## [Task brief]
Look through the listing below and write out exactly the lines from the line with "their dynamics directly." to the line with "No campo código, pressionar", both included, and no others.
(Beginning of Extracted data)
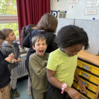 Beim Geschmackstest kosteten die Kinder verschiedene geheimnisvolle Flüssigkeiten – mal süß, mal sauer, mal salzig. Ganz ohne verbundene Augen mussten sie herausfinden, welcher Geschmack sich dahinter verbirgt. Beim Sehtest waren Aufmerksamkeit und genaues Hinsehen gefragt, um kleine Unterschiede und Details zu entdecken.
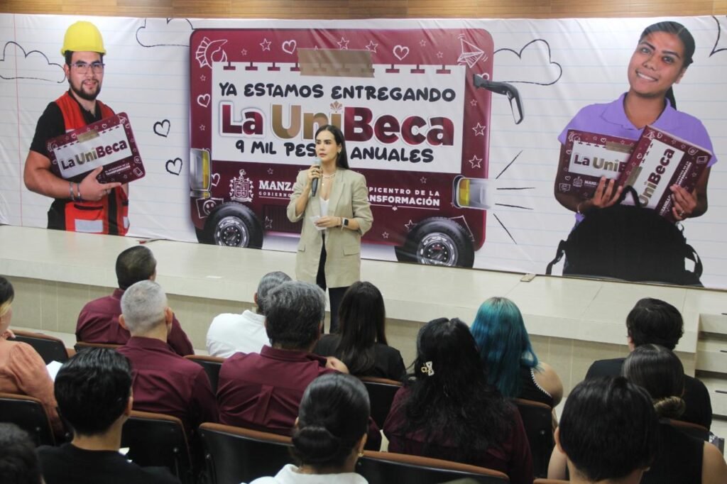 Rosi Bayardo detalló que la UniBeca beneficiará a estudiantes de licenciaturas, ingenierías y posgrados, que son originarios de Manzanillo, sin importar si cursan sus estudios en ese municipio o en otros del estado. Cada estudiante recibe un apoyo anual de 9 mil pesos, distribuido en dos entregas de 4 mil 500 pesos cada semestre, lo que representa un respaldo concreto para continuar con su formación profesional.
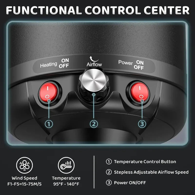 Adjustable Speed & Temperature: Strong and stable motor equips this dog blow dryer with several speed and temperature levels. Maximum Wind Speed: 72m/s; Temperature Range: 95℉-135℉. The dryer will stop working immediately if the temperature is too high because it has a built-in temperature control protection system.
(End of Extracted data)
(Beginning of Extracted data)
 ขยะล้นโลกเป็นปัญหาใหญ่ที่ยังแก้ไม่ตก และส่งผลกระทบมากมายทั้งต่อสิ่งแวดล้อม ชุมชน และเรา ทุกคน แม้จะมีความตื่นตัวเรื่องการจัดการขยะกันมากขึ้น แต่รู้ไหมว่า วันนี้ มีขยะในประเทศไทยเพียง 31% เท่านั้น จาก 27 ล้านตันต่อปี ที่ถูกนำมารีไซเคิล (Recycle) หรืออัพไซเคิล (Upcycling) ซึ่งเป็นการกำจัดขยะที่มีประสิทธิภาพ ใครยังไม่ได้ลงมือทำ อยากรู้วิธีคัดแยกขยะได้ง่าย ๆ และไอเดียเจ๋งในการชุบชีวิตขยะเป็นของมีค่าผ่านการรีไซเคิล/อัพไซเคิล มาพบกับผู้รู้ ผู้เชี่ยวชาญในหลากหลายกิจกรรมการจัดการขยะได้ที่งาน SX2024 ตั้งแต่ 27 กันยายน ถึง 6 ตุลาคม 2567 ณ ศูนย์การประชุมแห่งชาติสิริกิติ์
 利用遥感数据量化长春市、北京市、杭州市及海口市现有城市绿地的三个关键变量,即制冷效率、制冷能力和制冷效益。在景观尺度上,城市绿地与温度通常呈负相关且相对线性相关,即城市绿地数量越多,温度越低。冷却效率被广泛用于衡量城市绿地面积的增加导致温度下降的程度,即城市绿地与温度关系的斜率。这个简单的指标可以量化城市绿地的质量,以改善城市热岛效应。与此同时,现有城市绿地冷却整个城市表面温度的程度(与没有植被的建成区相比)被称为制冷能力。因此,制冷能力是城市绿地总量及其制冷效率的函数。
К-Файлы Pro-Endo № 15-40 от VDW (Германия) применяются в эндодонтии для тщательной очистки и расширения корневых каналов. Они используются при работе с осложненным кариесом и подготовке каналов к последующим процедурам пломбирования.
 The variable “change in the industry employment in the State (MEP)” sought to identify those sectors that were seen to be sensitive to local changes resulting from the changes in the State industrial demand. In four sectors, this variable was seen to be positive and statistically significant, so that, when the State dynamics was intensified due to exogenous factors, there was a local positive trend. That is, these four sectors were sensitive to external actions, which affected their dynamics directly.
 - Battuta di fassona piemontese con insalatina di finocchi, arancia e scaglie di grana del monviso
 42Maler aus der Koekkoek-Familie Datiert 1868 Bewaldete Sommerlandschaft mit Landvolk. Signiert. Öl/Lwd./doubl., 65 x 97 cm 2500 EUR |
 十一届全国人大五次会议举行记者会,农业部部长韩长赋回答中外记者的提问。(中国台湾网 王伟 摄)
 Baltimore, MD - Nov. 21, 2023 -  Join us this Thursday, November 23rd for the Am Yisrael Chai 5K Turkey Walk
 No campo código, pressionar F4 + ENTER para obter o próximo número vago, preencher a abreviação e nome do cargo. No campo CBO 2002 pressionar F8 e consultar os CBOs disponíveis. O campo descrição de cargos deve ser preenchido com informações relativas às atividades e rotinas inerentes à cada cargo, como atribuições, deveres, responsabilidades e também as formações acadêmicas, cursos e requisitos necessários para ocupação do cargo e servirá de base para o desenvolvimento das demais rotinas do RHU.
(End of Extracted data)
## [Task result]
 The variable “change in the industry employment in the State (MEP)” sought to identify those sectors that were seen to be sensitive to local changes resulting from the changes in the State industrial demand. In four sectors, this variable was seen to be positive and statistically significant, so that, when the State dynamics was intensified due to exogenous factors, there was a local positive trend. That is, these four sectors were sensitive to external actions, which affected their dynamics directly.
 - Battuta di fassona piemontese con insalatina di finocchi, arancia e scaglie di grana del monviso
 42Maler aus der Koekkoek-Familie Datiert 1868 Bewaldete Sommerlandschaft mit Landvolk. Signiert. Öl/Lwd./doubl., 65 x 97 cm 2500 EUR |
 十一届全国人大五次会议举行记者会,农业部部长韩长赋回答中外记者的提问。(中国台湾网 王伟 摄)
 Baltimore, MD - Nov. 21, 2023 -  Join us this Thursday, November 23rd for the Am Yisrael Chai 5K Turkey Walk
 No campo código, pressionar F4 + ENTER para obter o próximo número vago, preencher a abreviação e nome do cargo. No campo CBO 2002 pressionar F8 e consultar os CBOs disponíveis. O campo descrição de cargos deve ser preenchido com informações relativas às atividades e rotinas inerentes à cada cargo, como atribuições, deveres, responsabilidades e também as formações acadêmicas, cursos e requisitos necessários para ocupação do cargo e servirá de base para o desenvolvimento das demais rotinas do RHU.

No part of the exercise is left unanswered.